There are other supposedly haunted places besides red light districts and hotels in Jerome. One of the spookier such hauntings orbits the old abandoned mines that fan out in a sprawling network of 88 miles of perilous subterranean tunnels. Down here in these depths many a miner met their demise in an era when safety precautions were more of a guideline than a rule, and one of these was supposedly a miner known only as Charlie, who was decapitated in a horrible accident here, made all the more mysterious in that his head was apparently never found. However, for years the spectral form of a headless miner called “Headless Charlie” has been reported to stumble around through the murk of the tunnels, presumably still looking for his missing head. The haunted mines of Jerome are also known to spew forth unearthly moans, screams, and howls.

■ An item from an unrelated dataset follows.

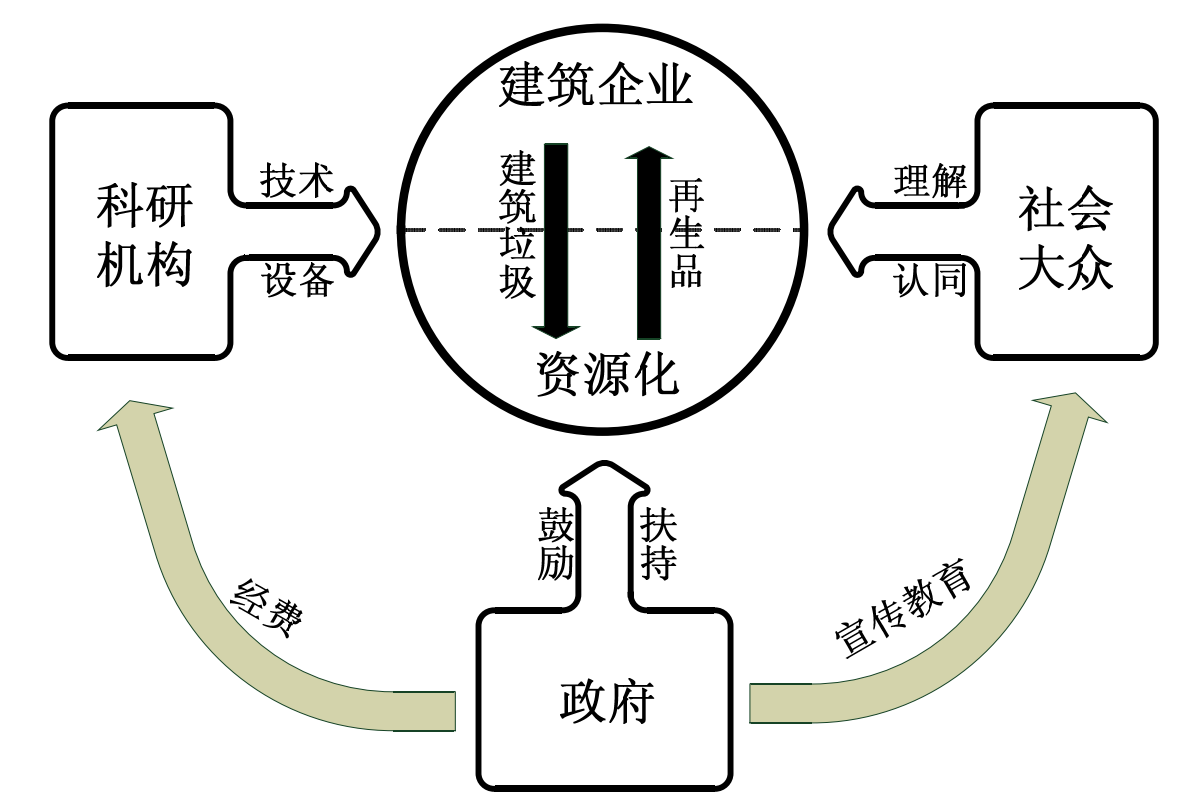 建筑垃圾資源化不能僅是建筑企業一家要考慮的事,它需要得到政府、社會大眾、科研機構等相關人員及團體的支持。建筑垃圾資源化由于剛起步,目前產生的利潤有限,受重視程度不高,但其社會與環境意義重大,因此,需要政府部門的扶持與幫助。此外,還需要社會大眾理解和科機構的技術支持。

Last but not least, what haunted town would be complete without its own haunted cemetery? Jerome has several of these as well. Just outside of town is Hogback Cemetery, an overgrown, unkempt plot of weeds and decrepit, broken headstones dating back to Jerome’s founding, and which is said to be stalked by shadowy wraiths and restless spirits. There is also the historic Jerome Valley Cemetery, also called the Lower Jerome Cemetery, which opened in 1917 and was quickly inundated with the bodies of victims of a deadly influenza outbreak in 1918. Over the years most of the locations of these graves have been lost due to missing grave markers and incomplete records, so it is unknown just how many people were buried here. What is known is that it is widely rumored to be heavily haunted, with apparitions, mystery lights, and shadow figures commonly reported from here.

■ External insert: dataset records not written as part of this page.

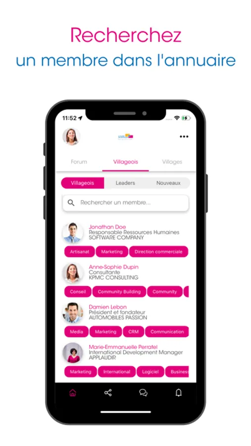 Recherchez facilement un membre de la communauté par compétence, nom, prénom, entreprise,...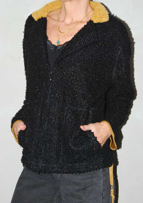 ז'קט פלאפי בצבע שחור וחום עם כיסים של רעומה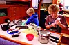 BYSSEMINNER: De beste båtminner starter ofte i byssa. Her serverer Anne Sjersted «flæskestej» i LULUBELLE. Gjett om DET smakte en sen novemberkveld i Sandspollen, med noen «tots» of Highland Park under stjernene i forkant!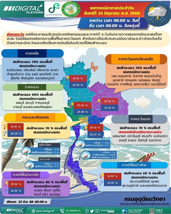 วันที่ 23 มิ.ย.2568 กรมอุตุนิยมวิทยา พยากรณ์อากาศ 24 ชั่วโมงข้างหน้า ประเทศไทยมีฝนตกหนักบางแห่ง โดยมีฝนตกหนักมากบางพื้นที่ในภาคตะวันออก ขอให้ประชาชนในบริเวณดังกล่าวระวังอันตรายจากฝนตกหนักถึงหนักมากและฝนที่ตกสะสม ซึ่งอาจทำให้เกิดน้ำท่วมฉับพลัน น้ำป่าไหลหลากและดินโคลนถล่ม โดยเฉพาะพื้นที่ลาดเชิงเขาใกล้ทางน้ำไหลผ่านและพื้นที่ลุ่ม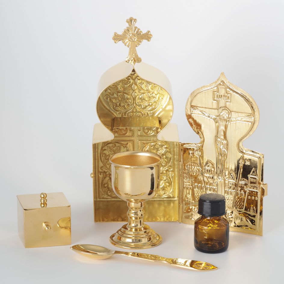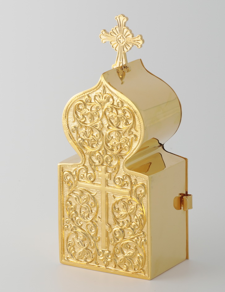 В ситуациях, когда человек по состоянию здоровья не может прийти в храм, священник причащает больного на дому. Для переноса Святых Даров используется дароносица. Внутри данной модели есть всё, необходимое для Причащения: ящичек для Тела Христова, лжица и маленькая чаша.

Jerome is certainly a place worth visiting, with its many quaint galleries, shops, restaurants, and museums as well as its historic buildings and colorful past. If anyone really wants to get the feeling that they have stepped straight into the old wild west, this is the place for you. However, it also appears to be a place full of the ghosts of the past, both figuratively and literally, and with so many haunted places it sometimes seems that the ghosts almost outnumber the full time residents. In fact, ghost tours have become a popular tourist attraction here in recent years, so one can take in the historical sites in the day and then go looking for specters and ghouls at night.